◆ **YOUR INSTRUCTIONS**
From the line containing "密封效果:U型圈在低壓情況下" down to the line containing "Stylo promotionnel à", copy out the entries below exactly, both lines included, and nothing else; pictures do not belong in the copy.

Dataset items
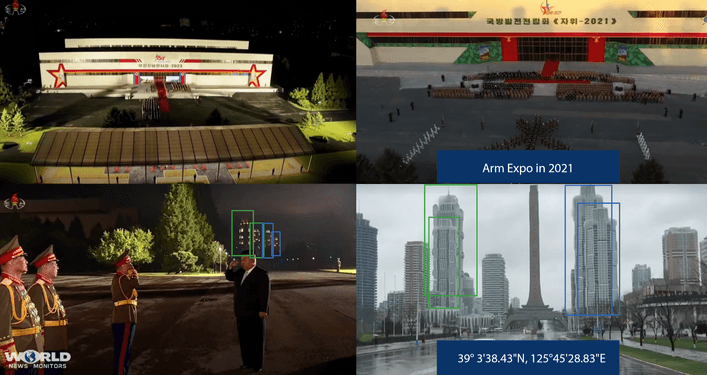 On July 27, the Russian delegation visited Arm Expo [‘무장장비전시회’ -Armed Equipment Exhibition]. The event is held in one of the building of ‘Three Revolutions Exhibition’ [3대혁명전시관] located at 39° 4’49.10″N, 125°45’27.23″E in Pyongyang. Arm Expo of 2021 was also held in the same building:
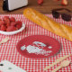 Angesagter Weihnachtsmann Papercut am Roten Weihna Pappteller
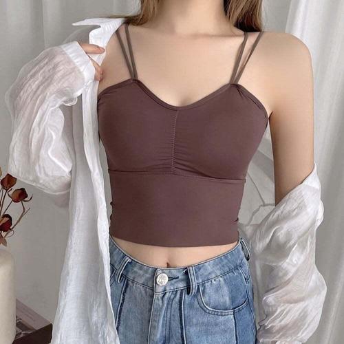 여성 섹시 크롭탑 튜브탑 패드 브라 민소매 스트리트웨어 캐미 섹시 란제리 심리스 크롭탑 스포츠 탱크탑 M-XL
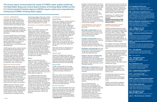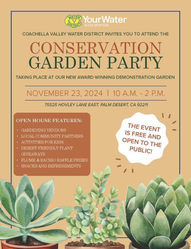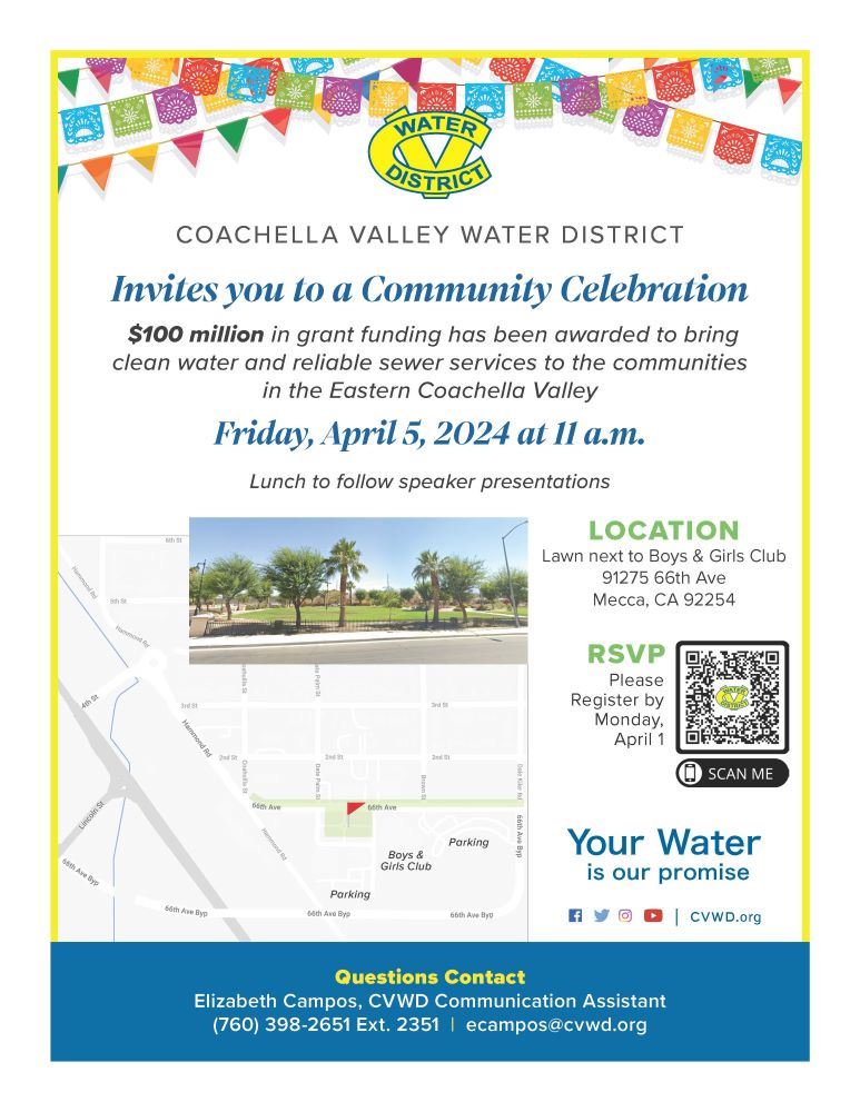 Coachella Valley Water District is a public agency governed by a five-member board of directors. The District serves the community with domestic water, agricultural irrigation and drainage, wastewater collection and treatment, nonpotable and recycled water, regional stormwater protection, groundwater management, and water conservation programs. It serves approximately 114,000 residential and business customers across 1,000 square miles, primarily in Riverside County and portions of Imperial and San Diego counties.Media Contact: Lorraine Garcia, PIOEmail: Lorraine.Garcia@cvwd.orgOffice: (760) 398-2661, ext. 2549Cell: (760) 695-4007
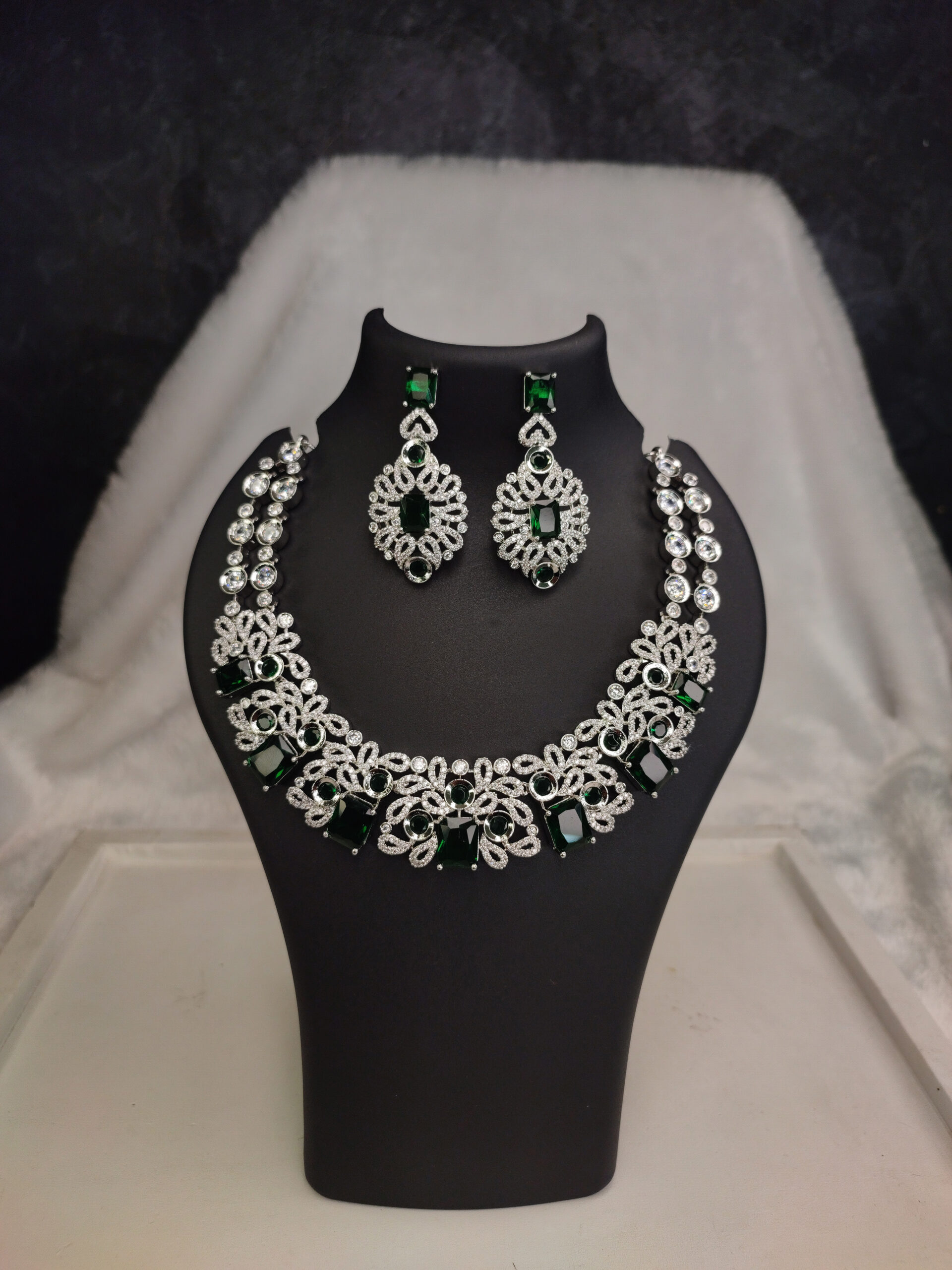 A charming and feminine American Diamond Silver necklace set, with a pair of earrings.
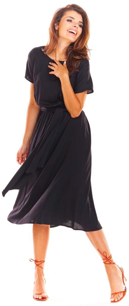 Czarna Rozkloszowana Midi Sukienka z Krótkim Kimonowym Rękawem
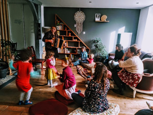 - de nouveaux formats de spectacles pour d’autres publics (handicap mental, personnes âgées) : lecture avec livre grand format, kamishibaï, balade contée (déjà testée et approuvée) ;
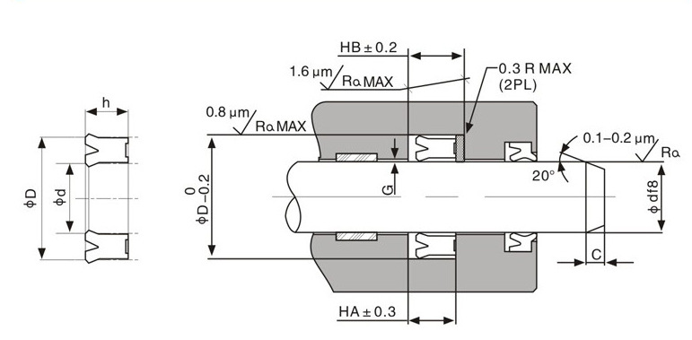 密封效果:U型圈在低壓情況下,只靠唇部的過盈變形產(chǎn)生密封,因接觸面小,摩擦力相對較低。隨著壓力升高,唇口彈性變形量增加,拉伸壓縮及彎曲應(yīng)力增加,U型圈徑向壓緊力自動變大與密封面接觸從而保證高壓狀態(tài)下具有良好的密封性。不同的油封有不同的溝槽設(shè)計方式,應(yīng)根據(jù)使用條件
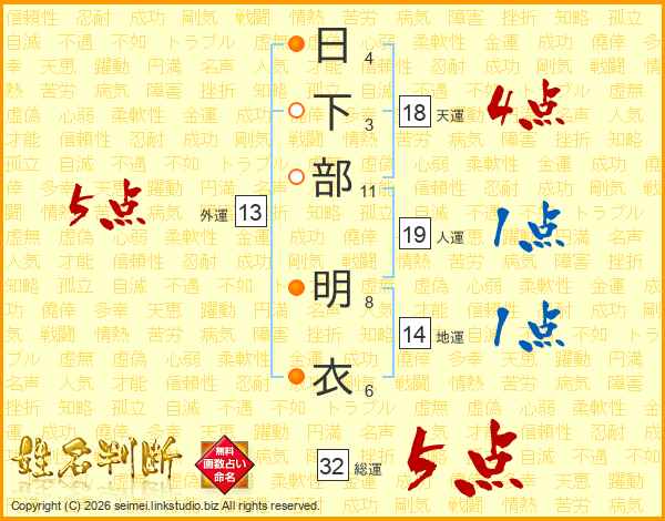 日下部明衣さんの総運は32画の5点!
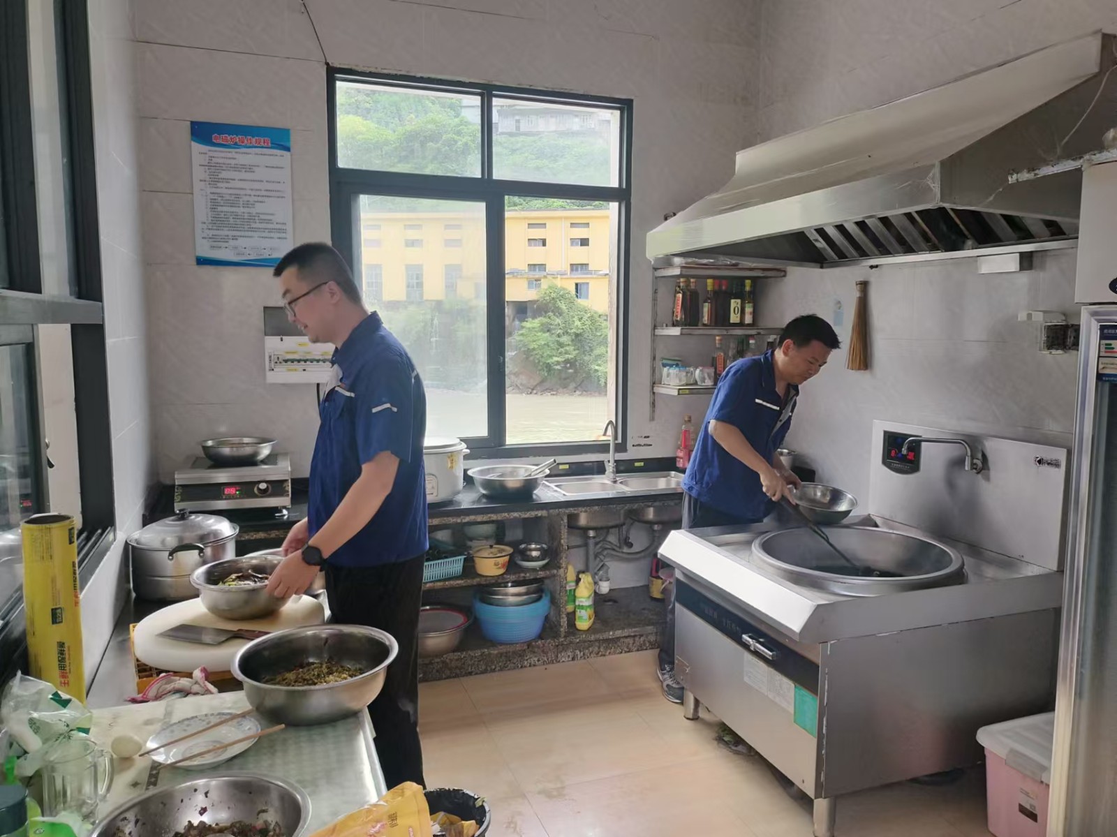 由于道路中斷,食堂工作人員無(wú)法抵達(dá)電廠,解決值班人員的三餐成了難題。于是,在廠員工就自己動(dòng)手,充分利用有限的時(shí)間和食材,相互協(xié)同,在廚房烹飪出美味可口的飯菜,既解決了溫飽,更溫暖了人心。這期間,電廠周邊的企地共建企業(yè)和政府單位也給予了關(guān)心、幫助和支持。
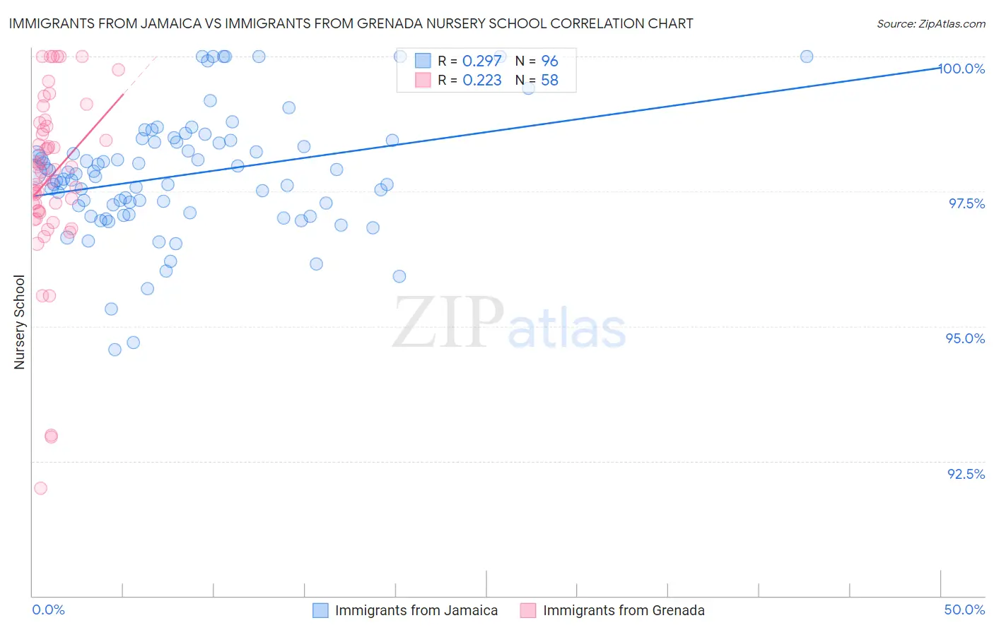 Immigrants from Jamaica vs Immigrants from Grenada Nursery School Correlation Chart
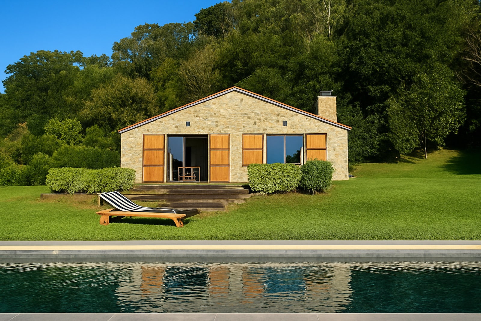 La piscina privada se convierte en un oasis desde el que contemplar la serenidad del paisaje rural de Cantabria, mientras la vegetación y el cuidado del terreno aportan privacidad y armonía.
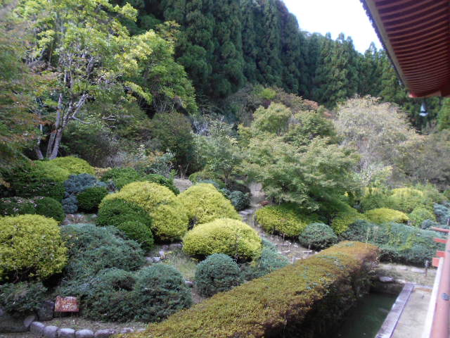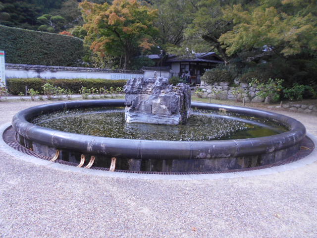| 具足池 「吾、唯、足るを知る心」 「不足感を捨てて、不満を口にしないで」 と、まんまるい池からあるれる水が言う。岩上の修行大師に迎えられ、送られて、参拝者は「合掌」自分を拝む。その向こうに本堂。「ありがとうございます。」とみんなにお寺の中では、会った人に挨拶を。 説明板から |
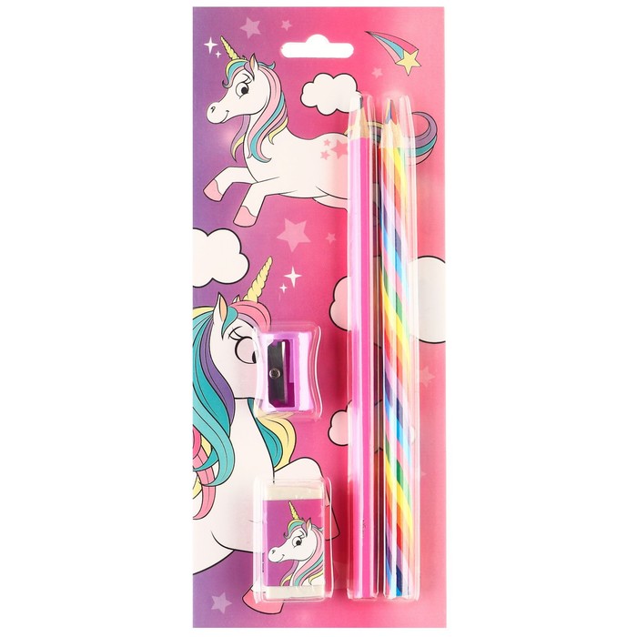 Набор канцелярский Calligrata 9 предметов, 4 чернографитных карандаша, точилка, ластик, линейка, ручка, насадка-тренажер, розовый
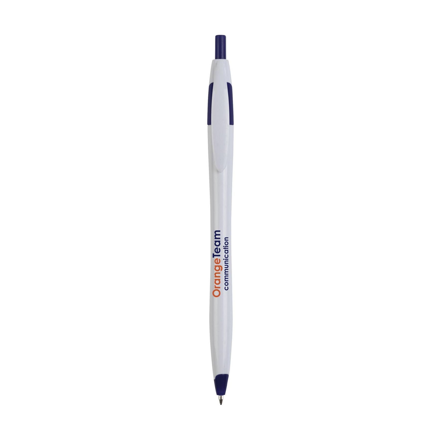 Stylo promotionnel à encre bleue, avec corps élancé et accents colorés.
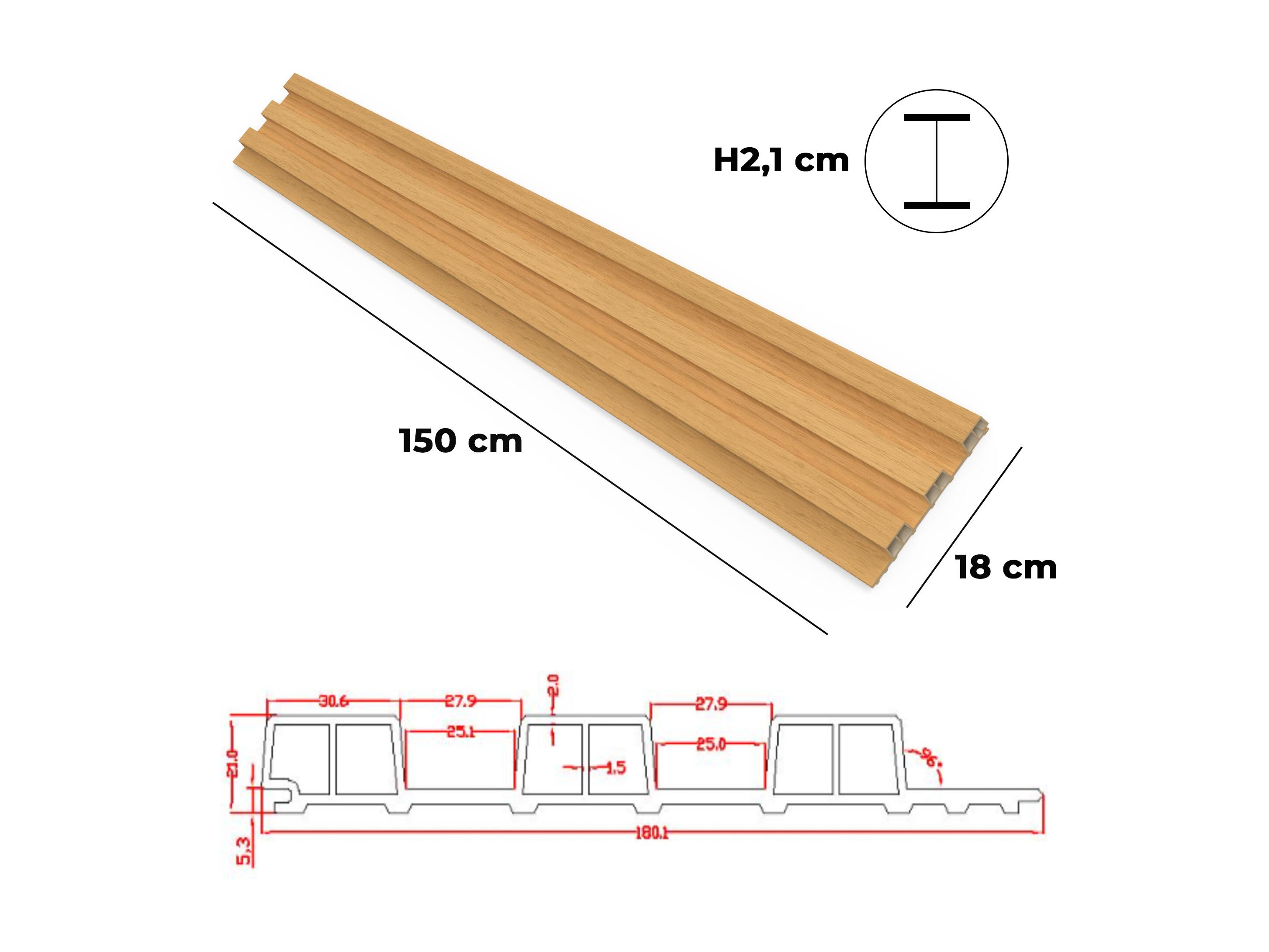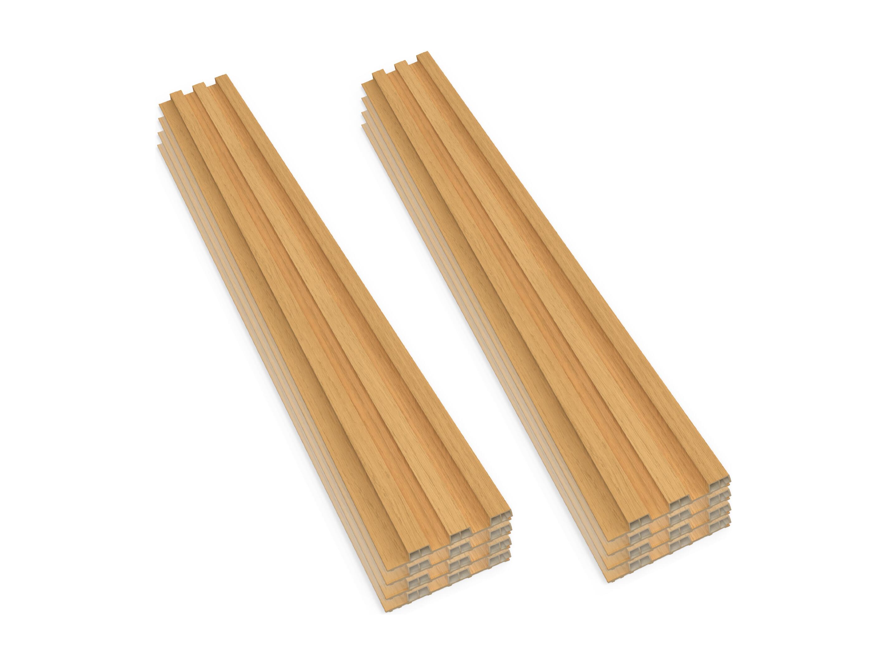 Bach - Set 8 Pannelli Fonoassorbenti Decorativi 150x18 cm per Interno ed Esterno in WPC Oak
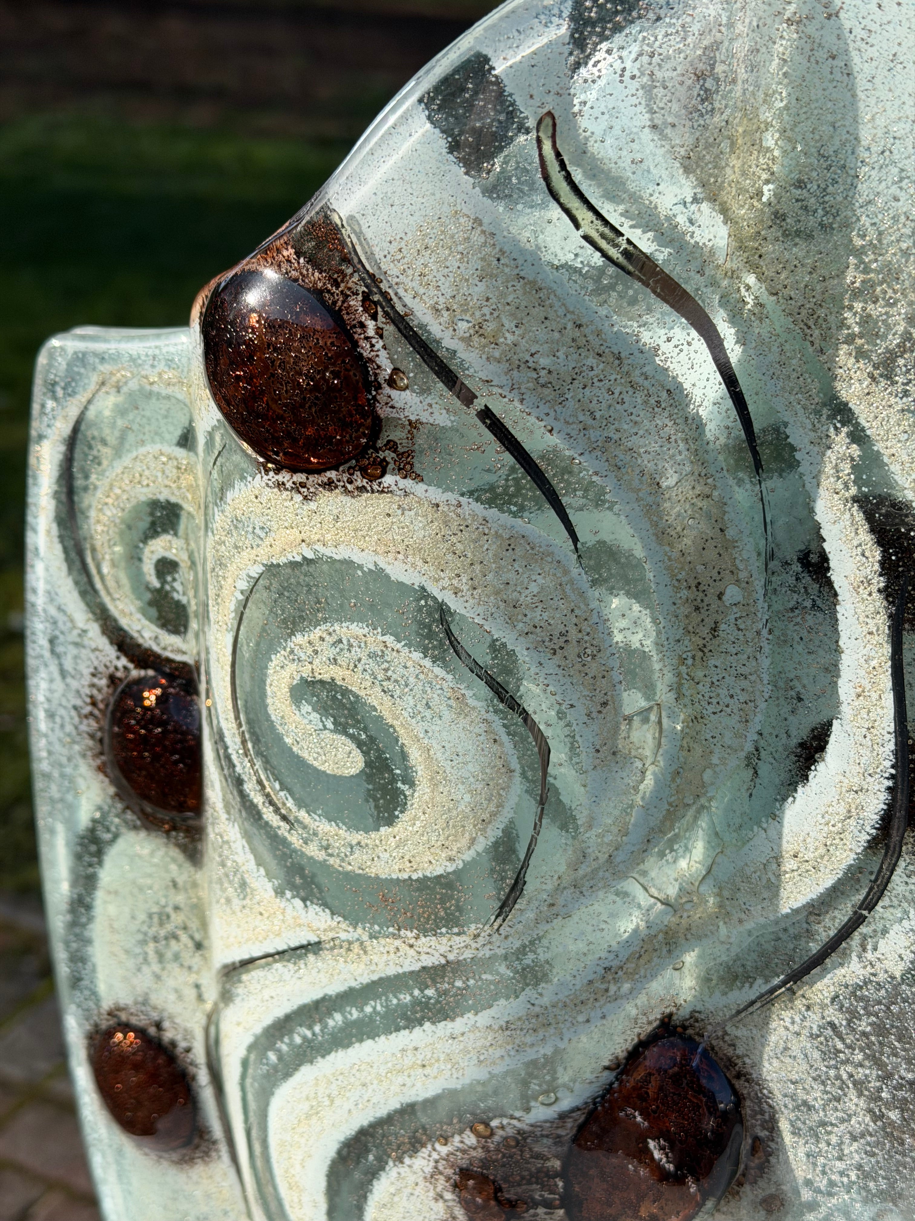 This vase is handcrafted by Eratini Artistic Glass studio in Greece. They are world renowned for their striking use of colour and the unique artistic vision behind the fused glassware they produce.

◆ **EXERCISE ANSWER**
 密封效果:U型圈在低壓情況下,只靠唇部的過盈變形產(chǎn)生密封,因接觸面小,摩擦力相對較低。隨著壓力升高,唇口彈性變形量增加,拉伸壓縮及彎曲應(yīng)力增加,U型圈徑向壓緊力自動變大與密封面接觸從而保證高壓狀態(tài)下具有良好的密封性。不同的油封有不同的溝槽設(shè)計方式,應(yīng)根據(jù)使用條件
 日下部明衣さんの総運は32画の5点!
 由于道路中斷,食堂工作人員無(wú)法抵達(dá)電廠,解決值班人員的三餐成了難題。于是,在廠員工就自己動(dòng)手,充分利用有限的時(shí)間和食材,相互協(xié)同,在廚房烹飪出美味可口的飯菜,既解決了溫飽,更溫暖了人心。這期間,電廠周邊的企地共建企業(yè)和政府單位也給予了關(guān)心、幫助和支持。
 Immigrants from Jamaica vs Immigrants from Grenada Nursery School Correlation Chart
 La piscina privada se convierte en un oasis desde el que contemplar la serenidad del paisaje rural de Cantabria, mientras la vegetación y el cuidado del terreno aportan privacidad y armonía.
| 具足池 「吾、唯、足るを知る心」 「不足感を捨てて、不満を口にしないで」 と、まんまるい池からあるれる水が言う。岩上の修行大師に迎えられ、送られて、参拝者は「合掌」自分を拝む。その向こうに本堂。「ありがとうございます。」とみんなにお寺の中では、会った人に挨拶を。 説明板から |
 Набор канцелярский Calligrata 9 предметов, 4 чернографитных карандаша, точилка, ластик, линейка, ручка, насадка-тренажер, розовый
 Stylo promotionnel à encre bleue, avec corps élancé et accents colorés.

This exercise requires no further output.